= Virtual incumbent =

A virtual incumbent or quasi-incumbent is a candidate in an election who campaigns as though they currently hold the office being contested, though the actual incumbent is not running for re-election. Traditionally, the virtual incumbent is the nominee from the party of the sitting office-holder. In the 2008 U.S. presidential election, however, virtual incumbency was also determined less formally, either by the policies of the actual candidates or the state of the polls.

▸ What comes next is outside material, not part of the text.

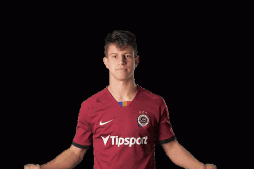 Footballer Hložek flexes his muscles while wearing an AC Sparta Prague Fortuna Liga jersey.
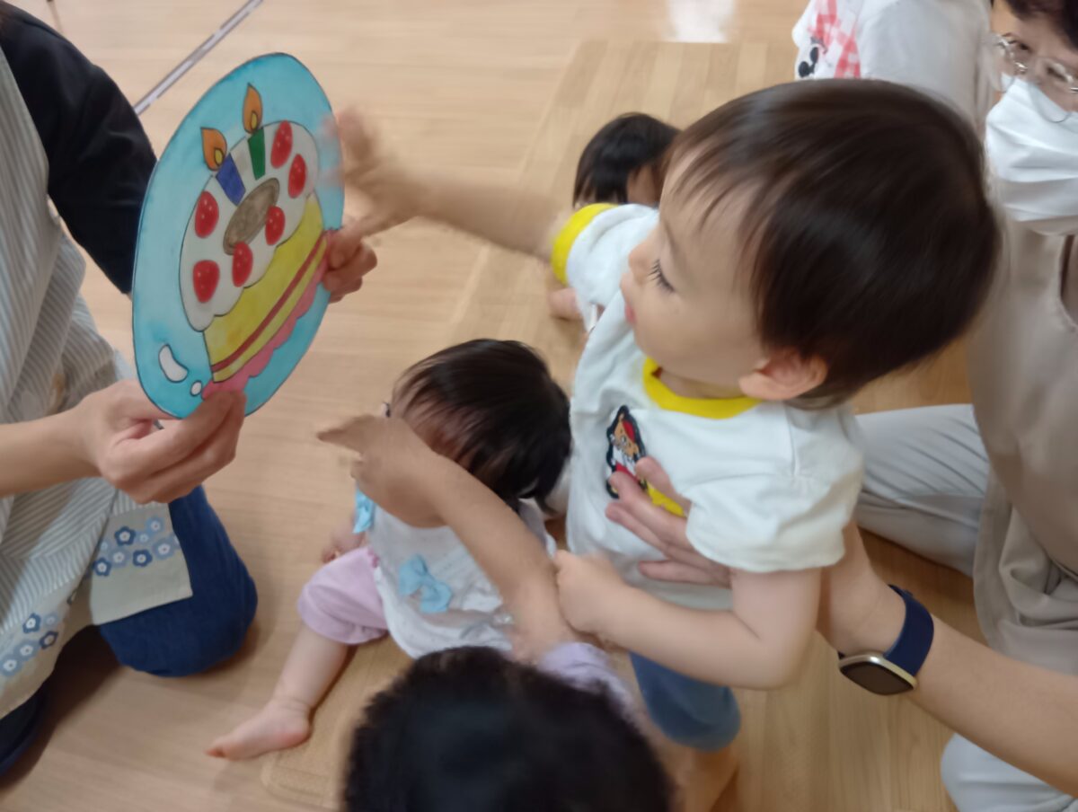 ひよこ組のお友だちも嬉しそうに手を伸ばし、ケーキにタッチをしていましたよ。

==2008 U.S. presidential election==
Kevin Hassett used the idea in its traditional sense when discussing Ray Fair's model, which ties the incumbent's party to the current state of the economy. In 2008, however, argued Hassett,

"it may not be possible for the Democrats to portray the Republican candidate, who has taken his own principled stands on any number of issues throughout the past seven years, as a virtual incumbent. Hence, Senator John McCain may be spared the typical negative incumbent bounce in a recession."

The concept was used in a different way on Face the Nation on November 2, 2008, by Senator Lindsey Graham to describe Barack Obama's candidacy. In that case, the assumption was that the virtual incumbent, like an actual incumbent, would be held to a higher standard by the electorate, and would therefore be less likely to win in a tight race in a given state. This argument had been previously made by Dick Morris to suggest the likelihood that undecided voters would overwhelmingly vote for John McCain:

"But as Obama surged into a more or less permanent lead in October, animated by the financial crisis, he has assumed many of the characteristics of an incumbent. Every voter asks himself one question before he or she casts a ballot: Do I want to vote for Obama? His uniqueness, charisma and assertive program have so dominated the dialogue that the election is now a referendum on Obama."

John Fund described Obama as the "quasi-incumbent" on CNN Late Edition on November 2, 2008, by which he also meant that the election had become "referendum on Barack Obama".

David Plouffe, Obama's campaign manager, had previously described Hillary Clinton as the "quasi-incumbent" during the primaries. As in the case of Obama himself, the characterization is intended to "downplay expectations of [the challenger's] performance in upcoming polls". Katrina Vanden Heuvel has also used this term to describe Clinton: "Hillary Clinton started this race last year as the one to beat--she had the money, the machine and the name recognition that assured her of quasi-incumbent status. And, indeed, she ran as a quasi-incumbent, an establishment candidate in a change- year election."